Grève Air France : Jean-Marc Janaillac organise un referendum et met son poste en jeu

Face au diktat des pilotes, et à leur refus d’organiser un référendum sur les propositions de la direction, Jean-Marc Janaillac, PDG d’Air France, a décidé de lancer une consultation auprès de l'ensemble des salariés. Cette consultation par vote électronique débutera le 26 avril et se terminera début mai. Elle invitera l'ensemble des salariés de la compagnie à se prononcer sur l'accord proposé le 16 avril 2018.

Les propositions d’Air France ne bougent pas : des augmentations générales de salaire de 7% sur 4 ans, s'ajoutant aux augmentations individuelles. Cet accord basé sur un "pacte de croissance pour l'avenir" doit permettre à la compagnie de poursuivre la croissance engagée ces deux dernières années. Ouvert à signature des organisations syndicales représentatives jusqu'à aujourd'hui, vendredi 20 avril à 12h, cette proposition n'a pas reçu les signatures majoritaires nécessaires.

Avec un coût de la grève estimé à ce jour à 220 millions d'euros, Jean-Marc Janaillac sait que sans une rapide reprise du travail, la compagnie repartira dans le rouge. Et d’en tirer des conclusions: "J'assumerai personnellement les conséquences de ce vote". Comprenez, je quitterais mon poste. Une menace ? Non, un simple constat d’impuissance face à un syndicat des pilotes intransigeants qui, depuis des années, empêchent toutes les avancées de la compagnie.

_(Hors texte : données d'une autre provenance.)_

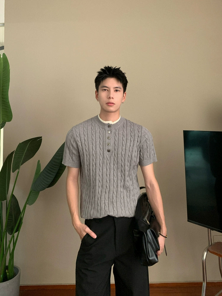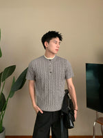 سويت شيرت بولو بأزرار وأكمام قصيرة بتصميم حياكة كابل
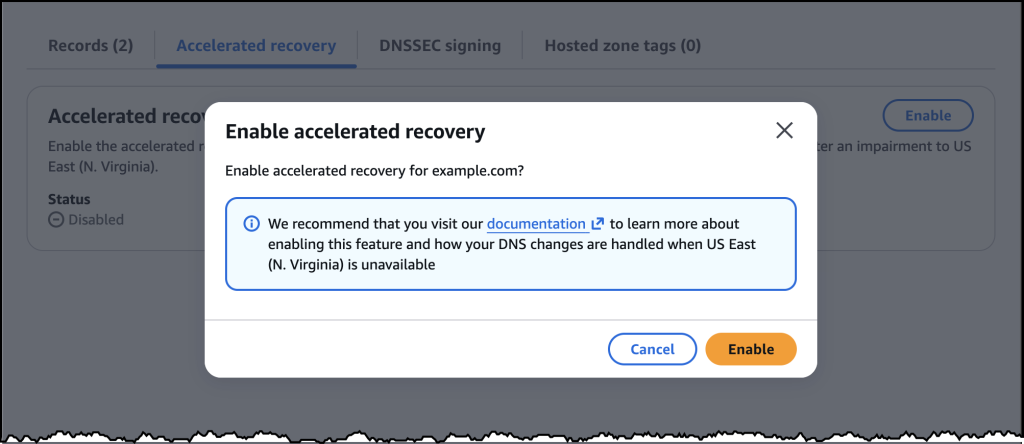 当然这项服务本身是作为备用服务使用的,亚马逊没准备额外收费,适用于 Amazon Route 53 公共托管区域的加速恢复功能已经广泛可用,并且是免费使用的,但私有托管区域不支持此功能。
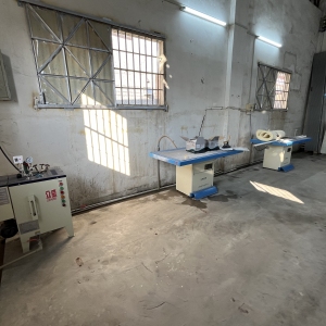 本工厂生产设备齐全配套完善,裁床,中道以及后道整烫包装等!
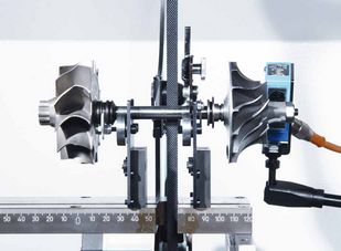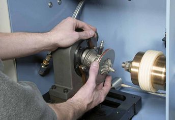 | Rys.: Kompletny rdzeń turbosprężarki | Rys.: Końcowe wyważanie rdzenia turbosprężarki za pomocą doważarki |
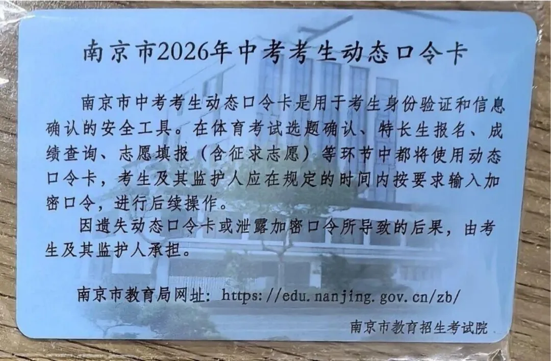 关乎特长生报名!南京中考动态口令卡使用说明与注意事项!
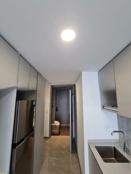 Step into this exquisite 1-bedroom unit at The Garden Residences and be greeted by abundant natural light pouring through the floor-to-ceiling windows. The double volume high ceiling creates an airy ambiance, while the polished tile flooring and geometric pendant light enhance the modern minimalist aesthetic. Enjoy breathtaking views of the city skyline from the comfort of your living space.
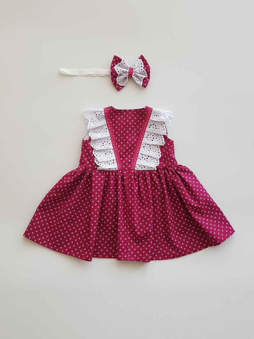 Yazlık pamuk kumaştan hazırlanmıştır. Önden bele kadar çıt çıtlıdır. Saç bantlıdır. Özel dikim ve özel tasarımdır.

Jean-Marc Janaillac est clair : "Malheureusement, Air France n’a pas les moyens d’augmenter ses coûts. Nos partenaires sociaux doivent cesser de vivre dans un passé révolu. Il serait totalement destructeur d’augmenter nos coûts de manière trop brutale. Je le regrette, mais Air France n’est pas assez forte. Quand j’ai pris la tête d’Air France j’avais le sentiment de pouvoir apporter le renouveau. Je ne peux pas accepter sa destruction". Le PDG de la compagnie conclut sans ambiguïté: "Je ne peux accepter le gâchis en cours alors même qu'une très large majorité des salariés est non-gréviste". Une décision qui intervient au moment même ou le rôle de Philippe Evain, Président du SNPL, est fortement remis en cause par les pilotes qui lui reprochent un "jusqu’au boutisme incompréhensible".